## Task objective
Transcribe all of the data verbatim, please, and leave out its pictures.

## The input
....

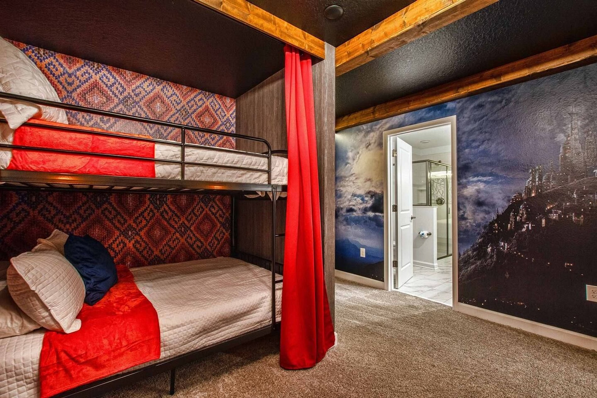 2nd floor: -Room with king-size bed, shared suite (2 people). -Minions themed room with a queen bed plus a bunk bed, shared suite (4 people) -Harry Potter themed room with a bunk bed, two double beds, shared suite (4 people). -Room with king-size bed, shared suite (2 people). -Mickey themed room, a bunk bed with two double beds (4 people). -Star Wars themed room, one queen-size bed, plus a bunk bed, two double beds (sleeps 6) -Bedroom with king-size bed. (2 people). This house has 2 private suites, 4 shared suites and 3 bedrooms and they share the same bathroom.
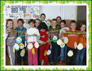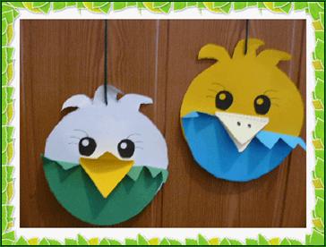 Se copiaza anexa. Se decupeaza, pe linia punctata, puisorul, coaja de ou si ciocul. Se îndoieste ciocul, din ambele parti, pe linia întrerupta. Se lipeste numai pe micul dreptunghi obtinut dupa îndoire. Se lipeste coaja si de îndoiesc sau nu marginile crestate. Se îmbraca batul cu hârtie creponata sau se vopseste cu acuarele. Se introduce acul cu un capat al firului prin creasta puitorului, iar celalalt capat se leaga pe bat.
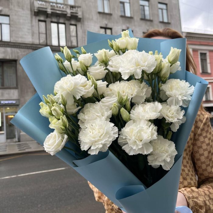 ВЕРСАЛЬ белоснежный букет из диантусов и лизиантусов
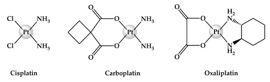 The classical cytotoxic platinum(II) drug, cis-diammineplatinum(II) dichloride (cisplatin) and its direct analogues, trans-L(1R,2R-diaminocyclohexane) oxalatoplatinum(II) (oxaliplatin) and cis-diammine(1,1-cyclobutanecarboxylato)platinum(II) (carboplatin) (Figure 1), are a class of square planar platinum(II) anticancer drugs, which have irrevocably evolved as working pillars of chemotherapy [1,2,3,4,5]. The potency of platinum(II) drugs is demonstrated through their ability to induce deoxyribonucleic acid (DNA) lesions by covalently binding to DNA [6]. Consequently, DNA replication and transcription are effectively ceased, which induces apoptosis [7]. It is also noteworthy that while DNA is the therapeutic target of these drugs, inevitably, they also exhibit non-specific binding with phospholipids, thiols, ribonucleic acid, and other biomolecules that contain nitrogen, sulfur, and oxygen atoms [8,9,10]. Unfortunately, this singularity reflects the non-selectivity of the drugs resulting in decreased therapeutic efficacy and increased incidence of pernicious side effects, which patients commonly experience when receiving platinum-based regimens [11,12,13,14,15]. Furthermore, drug resistance is another clinical limitation associated with the use of platinum(II) drugs, which often develops when treatment is prolonged [16,17]. Because of this, combinatorial treatment is employed, wherein therapeutic agents are administered together with platinum(II) drugs in an attempt to enhance treatment effectivity [18]. However, this type of regimen can complicate patient care and interfere with therapeutic outcomes since each co-administered agent has a unique pharmacokinetic index [19,20].
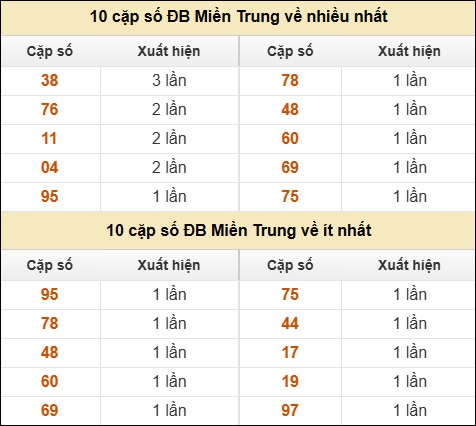 ⚡ 10 cặp số ĐB XSMT về nhiều nhất/ ít nhất tính dến ngày 10/03/2026:
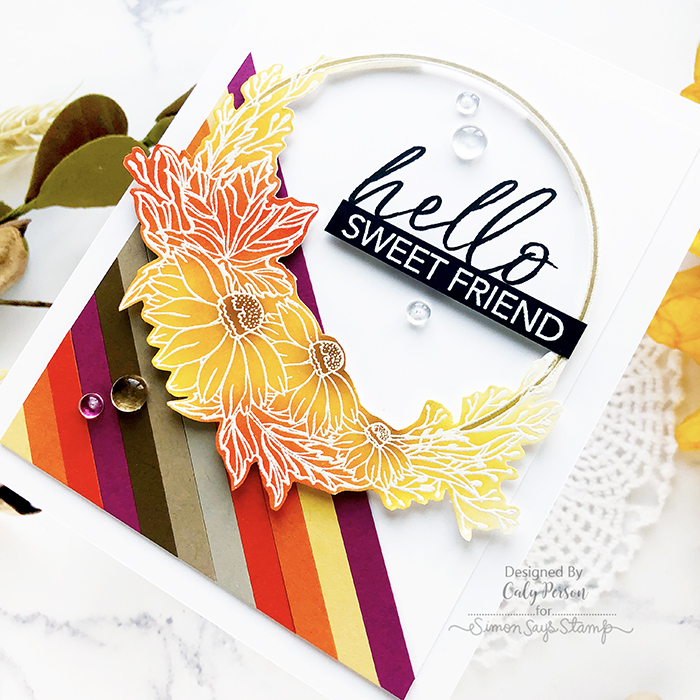 I didn’t have the dies, but I felt the need to fussy cut around and inside the wreath for today’s card! To ogive the background some color, I cut quarter-inch strips in coordinating fall colors and adhered them to a white panel at a diagonal, then adhered the wreath image over it using foam adhesive.
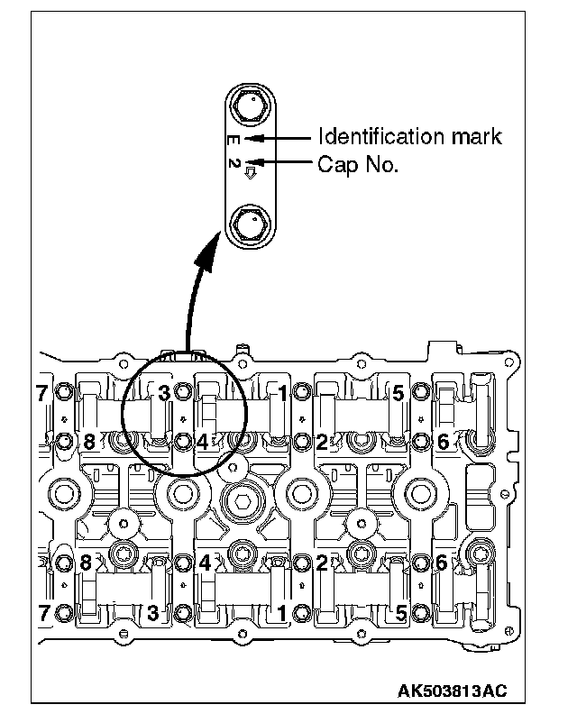3. The identification mark of the camshaft bearing is painted at the illustrated position.

....

## Output for this task
 2nd floor: -Room with king-size bed, shared suite (2 people). -Minions themed room with a queen bed plus a bunk bed, shared suite (4 people) -Harry Potter themed room with a bunk bed, two double beds, shared suite (4 people). -Room with king-size bed, shared suite (2 people). -Mickey themed room, a bunk bed with two double beds (4 people). -Star Wars themed room, one queen-size bed, plus a bunk bed, two double beds (sleeps 6) -Bedroom with king-size bed. (2 people). This house has 2 private suites, 4 shared suites and 3 bedrooms and they share the same bathroom.
 Se copiaza anexa. Se decupeaza, pe linia punctata, puisorul, coaja de ou si ciocul. Se îndoieste ciocul, din ambele parti, pe linia întrerupta. Se lipeste numai pe micul dreptunghi obtinut dupa îndoire. Se lipeste coaja si de îndoiesc sau nu marginile crestate. Se îmbraca batul cu hârtie creponata sau se vopseste cu acuarele. Se introduce acul cu un capat al firului prin creasta puitorului, iar celalalt capat se leaga pe bat.
 ВЕРСАЛЬ белоснежный букет из диантусов и лизиантусов
 The classical cytotoxic platinum(II) drug, cis-diammineplatinum(II) dichloride (cisplatin) and its direct analogues, trans-L(1R,2R-diaminocyclohexane) oxalatoplatinum(II) (oxaliplatin) and cis-diammine(1,1-cyclobutanecarboxylato)platinum(II) (carboplatin) (Figure 1), are a class of square planar platinum(II) anticancer drugs, which have irrevocably evolved as working pillars of chemotherapy [1,2,3,4,5]. The potency of platinum(II) drugs is demonstrated through their ability to induce deoxyribonucleic acid (DNA) lesions by covalently binding to DNA [6]. Consequently, DNA replication and transcription are effectively ceased, which induces apoptosis [7]. It is also noteworthy that while DNA is the therapeutic target of these drugs, inevitably, they also exhibit non-specific binding with phospholipids, thiols, ribonucleic acid, and other biomolecules that contain nitrogen, sulfur, and oxygen atoms [8,9,10]. Unfortunately, this singularity reflects the non-selectivity of the drugs resulting in decreased therapeutic efficacy and increased incidence of pernicious side effects, which patients commonly experience when receiving platinum-based regimens [11,12,13,14,15]. Furthermore, drug resistance is another clinical limitation associated with the use of platinum(II) drugs, which often develops when treatment is prolonged [16,17]. Because of this, combinatorial treatment is employed, wherein therapeutic agents are administered together with platinum(II) drugs in an attempt to enhance treatment effectivity [18]. However, this type of regimen can complicate patient care and interfere with therapeutic outcomes since each co-administered agent has a unique pharmacokinetic index [19,20].
 ⚡ 10 cặp số ĐB XSMT về nhiều nhất/ ít nhất tính dến ngày 10/03/2026:
 I didn’t have the dies, but I felt the need to fussy cut around and inside the wreath for today’s card! To ogive the background some color, I cut quarter-inch strips in coordinating fall colors and adhered them to a white panel at a diagonal, then adhered the wreath image over it using foam adhesive.
3. The identification mark of the camshaft bearing is painted at the illustrated position.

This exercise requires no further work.